Today, let's consider Leo Strauss.
Often both praised and reviled as the Capo to the Neo-Conservative movement, Strauss is indeed a complex figure. While teaching philosophy at the University of Chicago's Department of Poli Sci, he made many lofty pronouncements, and excited both admiration as well as revulsion in many who delved into his works. Think Noam Chomsky of the Right.
Many graduates of U of Chi made their way into public service, as well as prominence in conservative politics, among them John Ashcroft, Paul Wolfowitz, Ahmed Chalabi (!) as well as authors Saul Bellow and Allen Bloom.
While reading Nicholas Xenos' "Leo Strauss and the Rhetoric of the War on Terror" at www.logosjournal.com, we find more information.
Other devotees of Strauss include William Krystol, Nathan Tarcov, a University of Chicago professor and a former student of Strauss, and Carnes Lord, who was a member of the National Security Staff, and Paul Wolfowitz. Later on, William Kristol and Carnes Lord were part of Vice President Dan Quayle’s staff.
As Xenos continues:
Straussians have been around Washington for twenty years. In a sense, they invite the criticism of being a cult or a conspiracy by the networking that they do, by their purposive replication, and by the use of a certain kind of coded language. (For example, whenever Strauss talked about someone’s theory he referred to his “teaching,” and this is a term similarly deployed by all Straussians.) Strauss and his descendants use all kinds of stilted, oftentimes archaic language, and some of that language has found its way into the rhetoric of the so-called war on terror.
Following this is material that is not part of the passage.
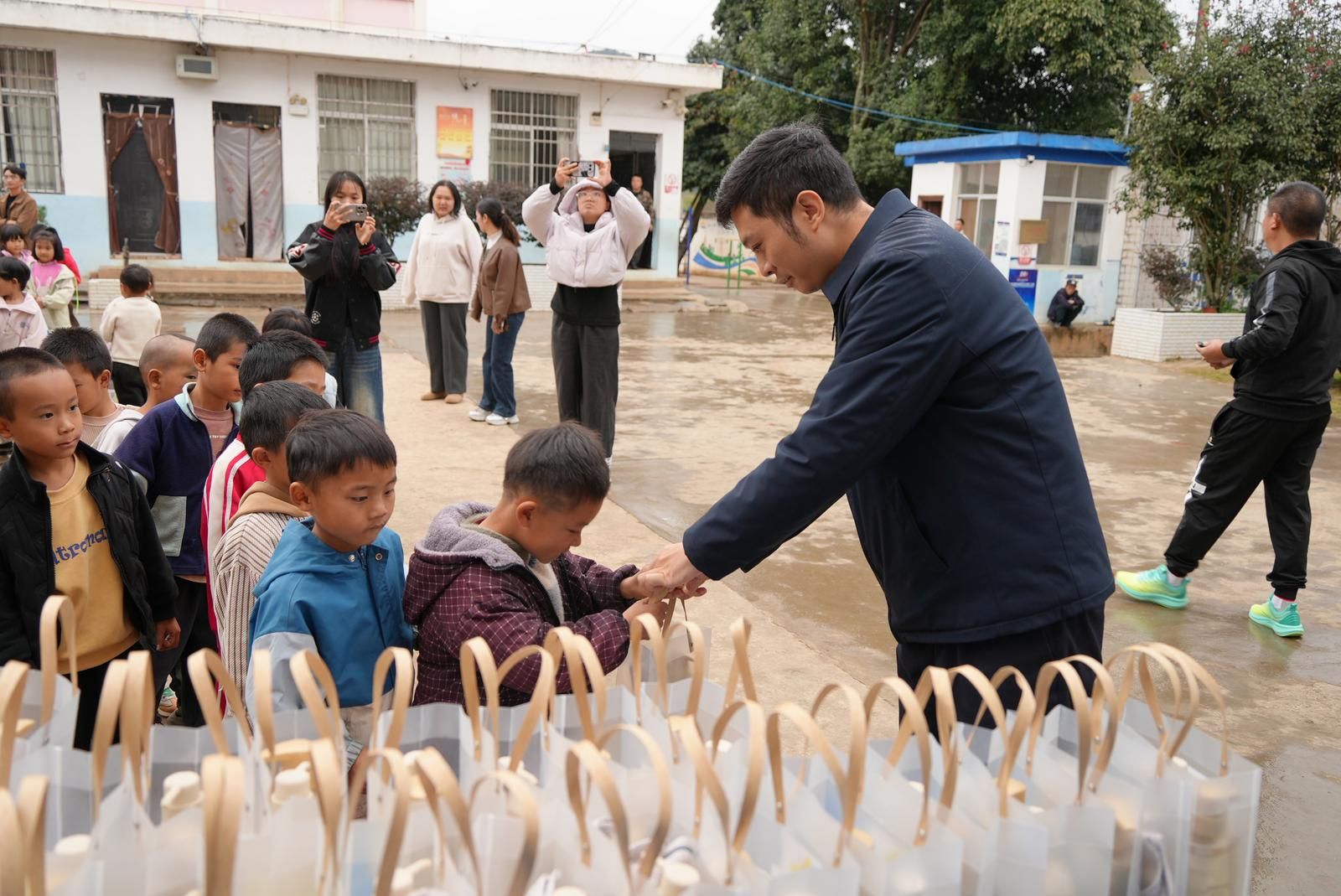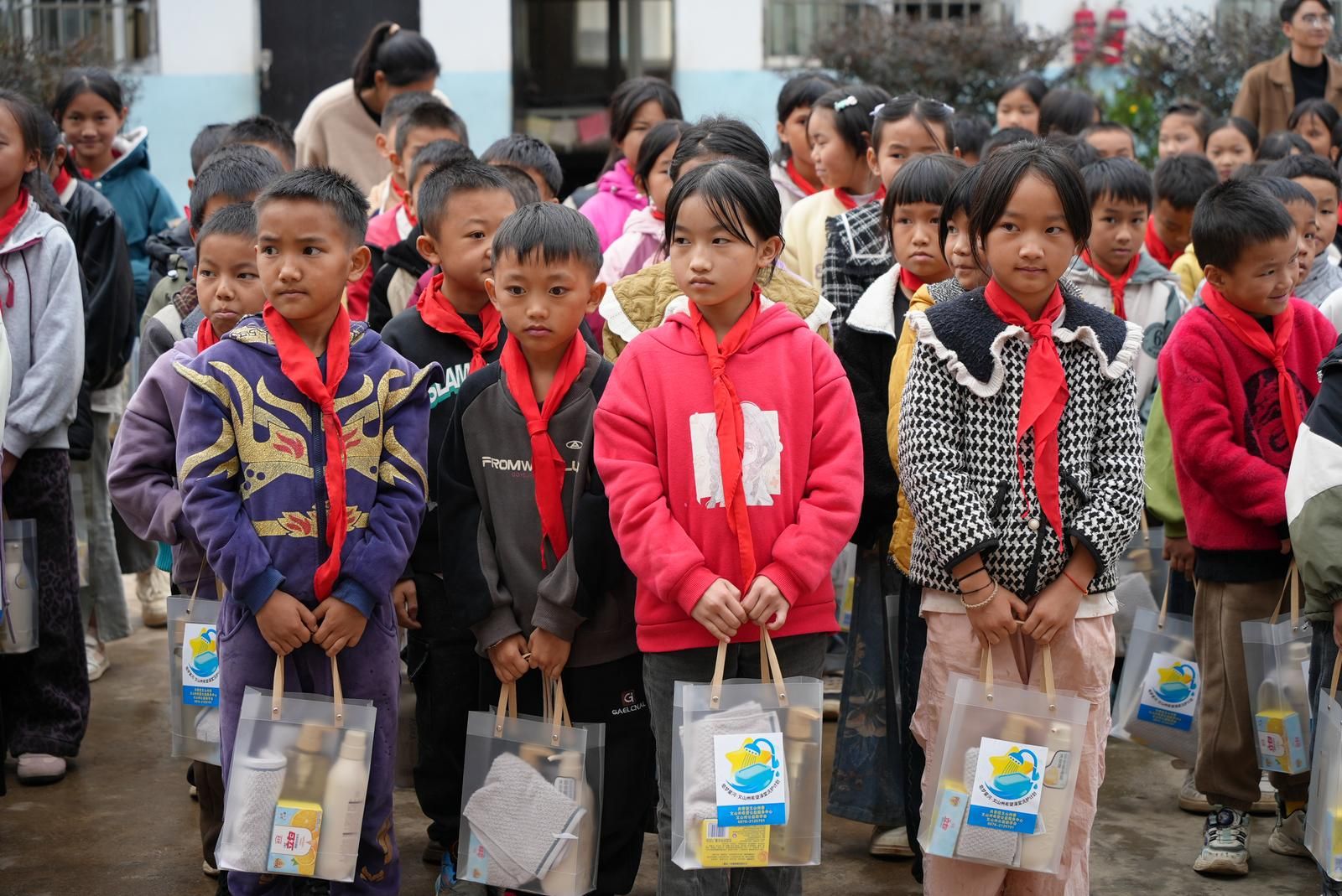 当孩子们接过崭新的洗护包时,脸上绽放出灿烂的笑容。学生代表激动地说:“谢谢远方的叔叔阿姨,我们一定会勤洗手、讲卫生,好好学习,不辜负大家的期望!”这份跨越山河的爱心,不仅洁净了孩子们的双手,更滋润了他们的心田。

The most obvious place where one sees it is in the administration’s use of the term “regime.” Some people were surprised by what it turned out “regime change” meant, but one would not have been surprised if one were familiar with Leo Strauss’s writings or those of the Straussians. “Regime” is the term that Strauss used to translate the Greek politeia, an Aristotelian category, and Strauss understood it to mean—what it more or less does mean in Aristotle—the form of a city; that is, its essence as opposed to the unformed humans, the matter, that the city forms. Aristotle, in Book Three of the Politics, makes the case that there are different kinds of polities—democracies, aristocracies, and so on—and that in each case, if one changes into another one it changes essentially; it changes its form into something else. And the citizens are different, they are changed—the citizen of a democracy is not a citizen in an aristocracy—so it is a total transformation of the city’s essence, a formal transformation. Thus Strauss wrote that “a change of regime transforms a given city into another city,” into something totally different. So to talk about “regime change,” which was a relatively new term in the discourse of international relations, meant a total transformation of the model of the society in question rather than a simple change of government in the narrow sense. This has had immediate effects in the policy in Iraq.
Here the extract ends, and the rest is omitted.